Scope of coverage on this site spans residential in-ground and above-ground applications, and light commercial installations. Industrial or municipal treatment systems operate under separate EPA guidance and fall outside this scope. Filter performance is measured in microns (the minimum particle size captured) and flow rate capacity expressed in gallons per minute (GPM) or gallons per hour (GPH).
The pool-equipment-review-methodology used to evaluate filter products on this platform draws on NSF/ANSI 50 certification status, manufacturer-published flow curves, and documented service intervals.
Core mechanics or structure
All three major filter types share the same position in the hydraulic circuit — downstream of the pump, upstream of the heater and chemical feeders — but operate through fundamentally different capture mechanisms.
Sand Filters
Sand filters pass water through a bed of #20 silica sand (particle size 0.45–0.55 mm per industry convention) or alternative media such as zeolite or glass. Particles larger than approximately 20–40 microns are mechanically trapped in the interstitial spaces between grains. As the bed loads with debris, head pressure rises. When pressure differential across the filter reaches 8–10 psi above the clean baseline (per typical manufacturer specifications), backwashing is required — reversing flow to flush captured material to waste. Sand media requires replacement approximately every 5–7 years under normal residential use. Detailed reviews of specific models are available on the sand-filters-reviews page.
Cartridge Filters
Cartridge filters force water through pleated polyester fabric elements. The pleated surface area — ranging from roughly 100 to 500 square feet across residential models — increases filtration area without proportionally increasing housing size. Cartridge media captures particles down to approximately 10–15 microns. Unlike sand filters, cartridge filters are cleaned by removing the element and hosing it down; no backwash valve or waste line is required. Elements are replaced every 1–3 years depending on bather load and chemical environment. The cartridge-filters-reviews page documents specific element sizing and replacement intervals by product line.
Diatomaceous Earth (DE) Filters
DE filters coat a fabric grid (or finger assembly) with fossilized diatom skeletons — a naturally occurring siliceous material with a rigid microscopic lattice. This lattice captures particles as small as 2–5 microns, the finest mechanical filtration available among the three filter types. DE powder is added through the skimmer after backwashing or cleaning.

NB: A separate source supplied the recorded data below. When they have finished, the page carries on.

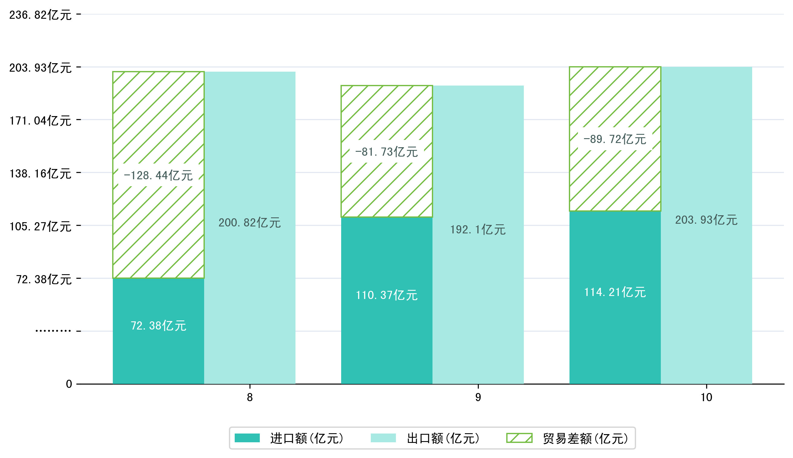 (图一:2025年8-10月潍坊市进出口总额)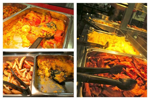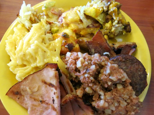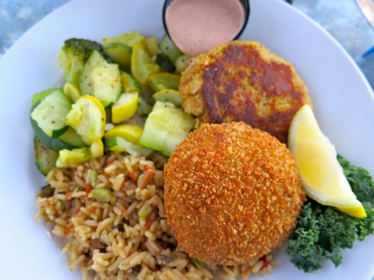 After enjoying a few of those absolutely delicious Bloody Caesars, it was time for more seafood. I ordered the crab cakes, one pan-fried with corn bread crumbs and “low country seasonings” (whatever THAT means…southern-speak for delicious?), and one deep-fried with Old Bay. I preferred the pan-fried version, disproving my theory that deep-frying makes everything more delicious. The sides were pretty bland, but at least they made me feel better about my rabid indulgence in all things fried.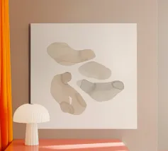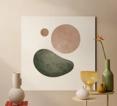This minimalist watercolor pattern features softly scattered organic pebble shapes in warm beige and muted olive green tones. The hand-painted texture and airy white background create a calm, modern aesthetic inspired by nature and Scandinavian simplicity. Perfect for contemporary interiors, this design adds subtle character without visual clutter. Ideal for living rooms, bedrooms, offices, and stylish gallery walls seeking a balanced, natural look

The de-filters-reviews page covers grid configurations, DE dosing by filter model, and failure modes specific to this technology.
Causal relationships or drivers
Filter performance degrades in predictable, measurable ways driven by hydraulic and chemical conditions.
Hydraulic loading: Flow rate above a filter's rated design maximum compresses the filtration bed or shortens dwell time through cartridge media, reducing capture efficiency. NSF/ANSI 50 requires manufacturers to publish maximum flow rates; exceeding those values voids certification performance claims. Oversized pumps, particularly older single-speed models, are a primary driver of filter overloading. Variable-speed pool pumps address this by allowing flow rate adjustment to match filter design parameters.
Chemical environment: Calcium scaling in hard water regions (water hardness above 400 ppm, per the Association of Pool & Spa Professionals [APSP] water balance guidelines) progressively cements sand beds, reducing effective void space. Low pH — below 7.2 — degrades polyester cartridge fabric over time, reducing mechanical integrity. DE grids are vulnerable to oil and sunscreen accumulation, which blocks the diatom lattice and prevents uniform DE adhesion after backwashing.
Bather load: Residential pools with bather loads exceeding 1 bather per 300 gallons of pool volume (a threshold referenced in the Model Aquatic Health Code published by the CDC) introduce particulate and organic loading that accelerates filter cycle compression.
Seasonal factors: Algae blooms triggered by combined chlorine breakdown or phosphate accumulation can blind sand and DE filters within hours, raising pressure differentials sharply. Pool openings after winter dormancy frequently require filter cleaning before normal operational baselines can be established — a sequence documented in the pool-equipment-opening-season-checklist.
Classification boundaries
Three classification axes define where filter types begin and end:
By capture efficiency (micron rating):
- DE filters: 2–5 microns
- Cartridge filters: 10–15 microns
- Sand filters: 20–40 microns
By regeneration method:
- Backwash-regenerated: Sand, DE (partial regeneration)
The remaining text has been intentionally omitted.